Opioid Use Shown to Diminish Following Spine Surgery
The statistics are jarring: back pain is something that will affect 8 out of 10 people at some point in their lives, representing the vast majority of people in the United States.
Though some pain is fleeting, for many it becomes chronic and relentless, driving them to the use of powerful painkillers, including opioids. As the national opioid epidemic continues to grow, with overdoses killing more than 42,000 people in 2016, spine surgeons have found themselves in the dilemma of being uncertain as to how to address pain management for their surgical patients.
A just-released study published in the Journal of Neurosurgery: Spine and conducted by the Department of Neurological Surgery at the University of Louisiana provides them with some reassuring news, concluding that when back pain patients diagnosed with degenerative spondylolisthesis undergo decompression and fusion surgery, their use of opioids actually decreases.
Opioid use is a problem everywhere, but in the state of Kentucky, where the University of Louisville is based, it is a particular concern: the state has the fifth highest rate of overdose deaths in the country.
The drugs are generally prescribed by well-intentioned physicians as a means of pain management in the face of all types of injuries, and once patients become addicted the habit is extremely difficult to break.
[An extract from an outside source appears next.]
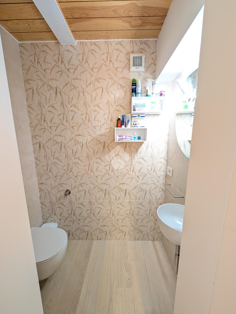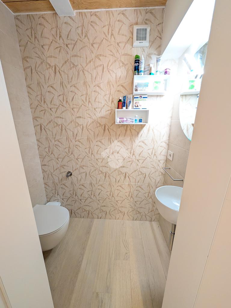 La zona notte comprende due camere da letto matrimoniali di generose dimensioni. Una delle due dispone di un bagno di servizio cieco, dotato di lavabo e moderno wc con funzione igienizzante. Il secondo bagno, completo di tutti i sanitari, è particolarmente luminoso grazie alla presenza di un abbaino che garantisce luce naturale durante tutto il giorno.

When patients suffering from back pain seek a consultation with a spine specialist, it is generally after having already attempted to address their problem with the help of their family doctor.
According to Mayur Sharma, M.D., M.Ch., a resident at the hospital who led the study, patients have often been prescribed opioids already, and may already be hooked. “Spine surgery patients deal with an immense amount of pain both before and after surgery. Opioids are used to manage that pain,” he said. He and colleagues set out to determine whether spine surgery decreased or increased opioid use.
The study looked at the period between 2000 and 2012, during which time there were 10,708 patients treated for a condition known as degenerative spondylolisthesis.
This is an extremely painful condition in which nerves in the spinal cord are compressed as a result of one vertebra slipping over another. A review of patient medical records revealed that prior to surgery 14.85 percent of patients were or had been dependent on opioid pain medications at some point in the year prior to the surgery, and after surgery that number dropped to 9.9 percent, representing a reduction of nearly 5 percent.
Discussing the results, Sharma said, “Patients have been abusively using opioids for pain resulting in the recently declared national opioid crisis. Our work indicates that surgery for degenerative spondylolisthesis is associated with a reduced risk of opioid dependence.”
The study also revealed that those who are at greatest risk for dependence are those who are younger or who were previously dependent upon opioids.